[WORK TASK]
Only the pictures are to be dropped; the rest of the data below is to be duplicated exactly.

[SUPPLIED INFORMATION]
☆ ☆ ☆ ☆

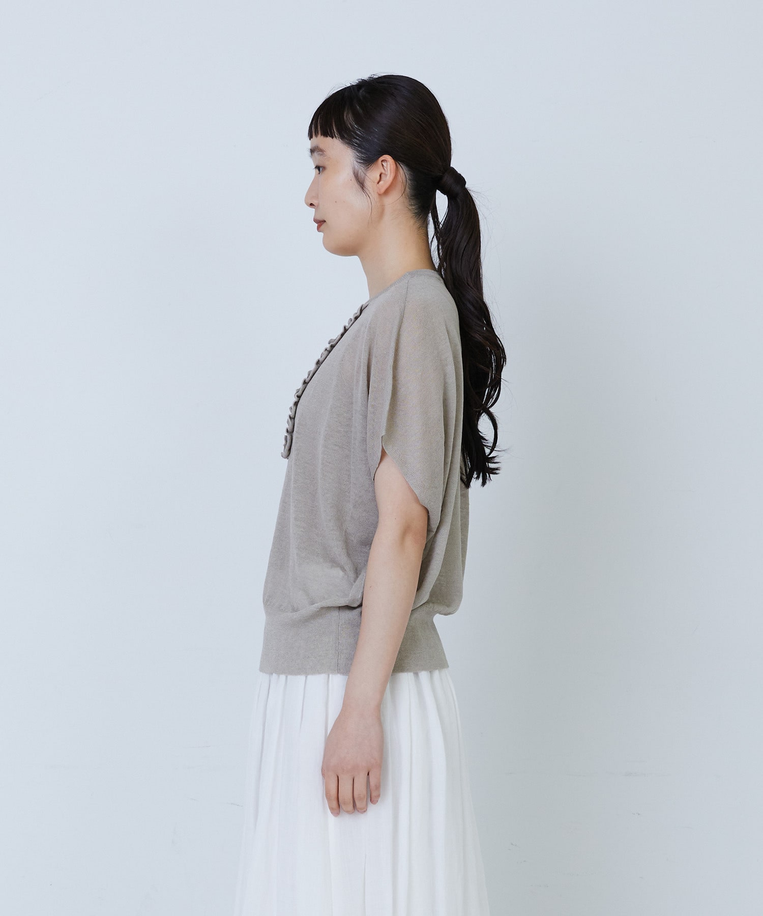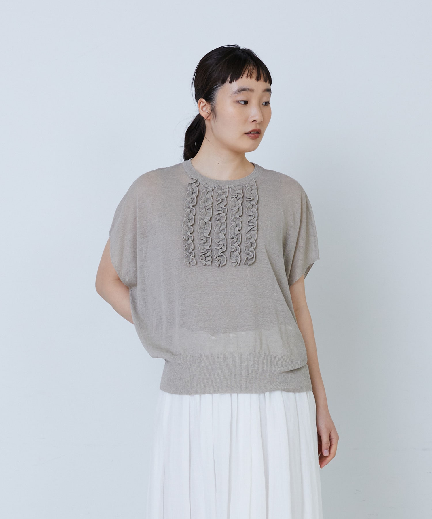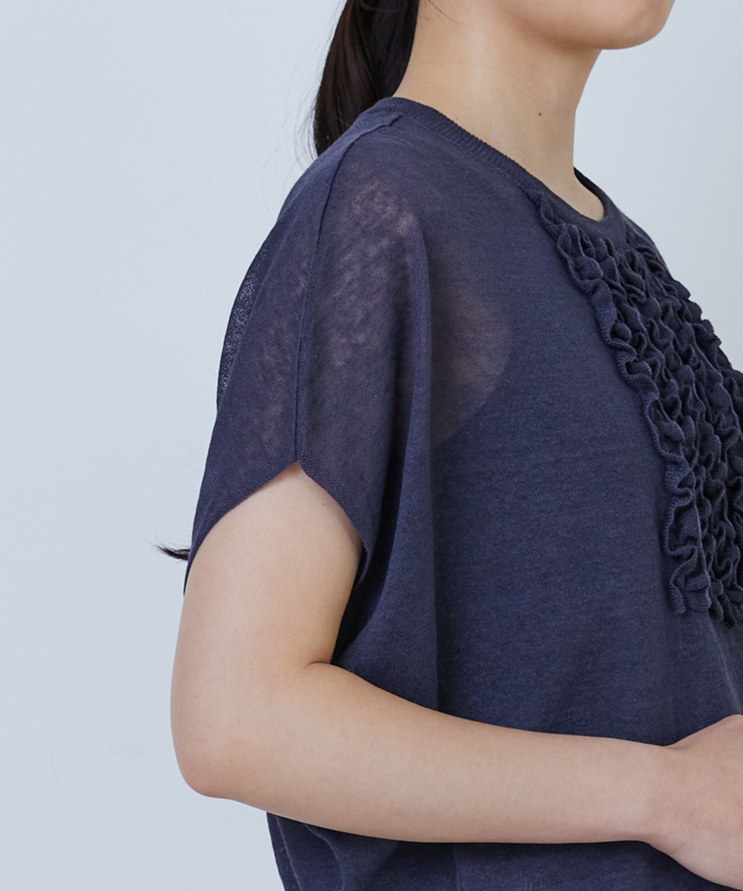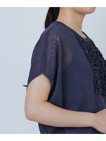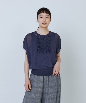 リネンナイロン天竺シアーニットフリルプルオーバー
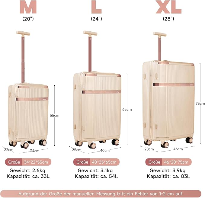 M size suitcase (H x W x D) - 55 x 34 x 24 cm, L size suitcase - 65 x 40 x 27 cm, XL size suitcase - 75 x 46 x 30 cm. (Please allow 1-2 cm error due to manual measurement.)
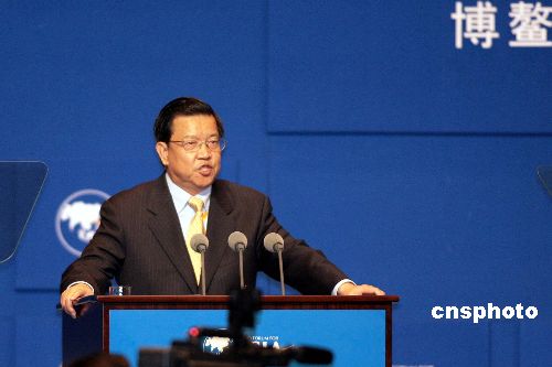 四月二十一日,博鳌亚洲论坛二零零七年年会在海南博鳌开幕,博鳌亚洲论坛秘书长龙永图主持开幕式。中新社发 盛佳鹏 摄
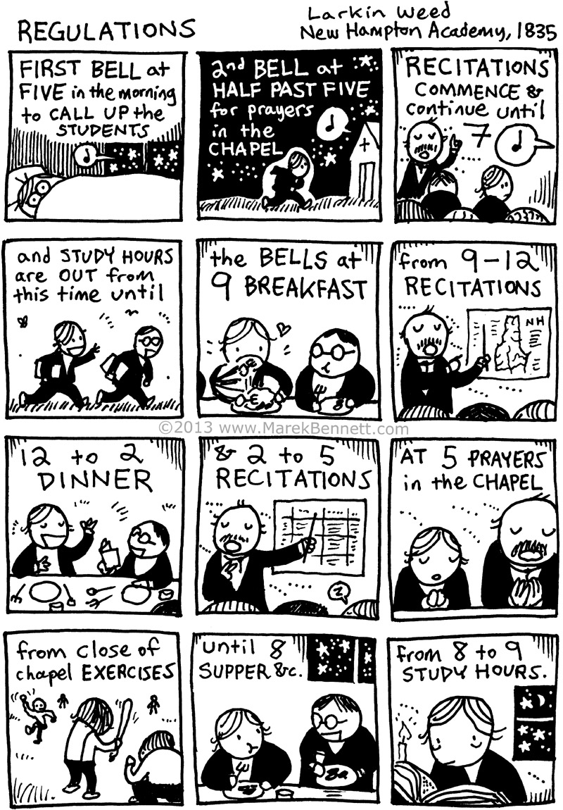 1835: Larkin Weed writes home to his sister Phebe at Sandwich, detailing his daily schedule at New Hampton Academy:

☆ ☆ ☆ ☆

[RESULT FOR THIS TASK]
 リネンナイロン天竺シアーニットフリルプルオーバー
 M size suitcase (H x W x D) - 55 x 34 x 24 cm, L size suitcase - 65 x 40 x 27 cm, XL size suitcase - 75 x 46 x 30 cm. (Please allow 1-2 cm error due to manual measurement.)
 四月二十一日,博鳌亚洲论坛二零零七年年会在海南博鳌开幕,博鳌亚洲论坛秘书长龙永图主持开幕式。中新社发 盛佳鹏 摄
 1835: Larkin Weed writes home to his sister Phebe at Sandwich, detailing his daily schedule at New Hampton Academy:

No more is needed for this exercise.